A l'exception notable de M. Sarkozy, pourtant assis aux premières loges au Stade de France, mercredi soir, et de Rama Yade, la secrétaire d'Etat aux sports - pour qui "on ne peut pas parler de triche" -, tout le monde a vu que le geste de l'attaquant était bien volontaire. L'intéressé lui-même a d'ailleurs reconnu dès le match terminé qu'il avait bien touché le ballon avec sa main, ce qu'interdisent formellement les codes du ballon rond.
Bien sûr, ça n'aurait pas manqué de panache si Thierry Henry était allé voir l'arbitre pour lui dire : "Pardon, monsieur l'arbitre, vous devez annuler le but de mon camarade William Gallas car, vous ne l'avez peut-être pas vu, mais il est entaché d'une grossière faute de main de ma part." Mais a-t-on déjà vu un joueur venir s'excuser auprès de l'homme en noir après avoir simulé une faute dans la surface de réparation pour obtenir un penalty ou après avoir marqué un but sur une position de hors-jeu ? La décision de la FIFA de ne pas faire rejouer France-Irlande confirme en quelque sorte que, dans le football, la tricherie est institutionnalisée.
N'en déplaise à Rama Yade, Thierry Henry a bien triché. C'est déplorable. Mais ce qui est le plus navrant dans cette affaire, et qui n'a suscité aucun cri d'orfraie, c'est qu'en propulsant les Bleus en Afrique du Sud avec sa main, leur capitaine a, comme on dit dans le milieu, simplement "fait le métier".
"Faire le métier", dans le jargon cycliste, consiste à prendre des produits pour améliorer ses performances.
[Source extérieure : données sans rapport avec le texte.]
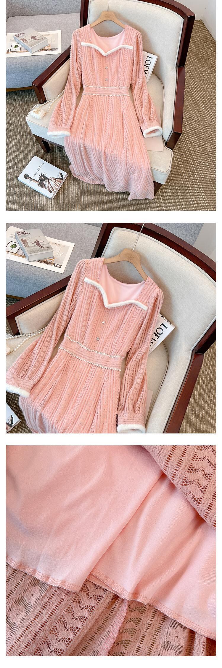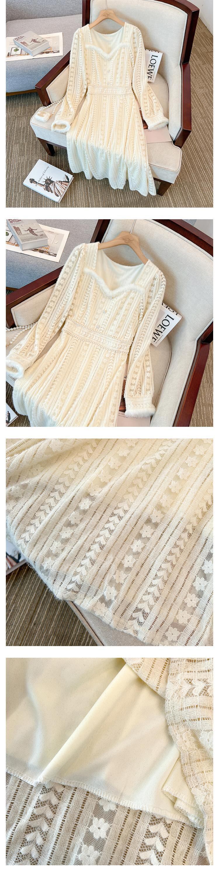 大きいサイズの婦人服 2023 春の新しいスタイルの太った姉妹は、薄くて年齢を減らす気質のレースのステッチのデザインのセンスのドレスに見えます 大きめサイズ スプリング 春物 8884168919831197

Dans le milieu du foot, c'est faire une faute au milieu du terrain pour briser l'élan de l'équipe adverse, retenir un joueur par le maillot sur un corner pour l'empêcher de prendre un ballon de la tête, s'écrouler dans la surface pour obtenir un penalty ou encore susurrer des mots doux à l'oreille de son adversaire pour lui faire perdre ses nerfs et qu'il écope d'un carton.
Pourquoi s'échiner à invoquer le fameux esprit de fair-play et à vouloir parer de vertus un sport où les vices sont tolérés voire encouragés ? S'il faut trouver une utilité à l'"affaire Henry", c'est que cette main, vue par des millions de téléspectateurs, devrait rappeler à tous ceux qui ne veulent pas le voir, que le football, joyeux divertissement, a une face plus sombre. Car que trouve-t-on si on fouille un peu dans les coulisses de ce show médiatique ? Des histoires de dopage, de corruption de joueurs ou d'arbitres, de matches achetés, de transferts frauduleux, d'insultes racistes ou homophobes, de débordements de violence sur le terrain comme en tribune...
Le SNEP-FSU, principal syndicat des professeurs d'éducation physique et sportive, condamne dans un communiqué "les déclarations du sélectionneur Raymond Domenech et de certains joueurs selon lesquelles "l'essentiel'', en sport, c'est de gagner" et incite "en particulier les enseignants d'EPS à débattre immédiatement avec leurs élèves de l'avenir du football et du sport en général, à réfléchir aux contours d'un autre sport émancipateur et humaniste". Redéfinir un sport à valeur éducative qui échapperait aux lois de la compétition et du spectacle ? Pourquoi pas ? Mais il faudrait commencer par arrêter de magnifier des jeunes gens qui shootent dans un ballon et l'attrapent parfois de la main.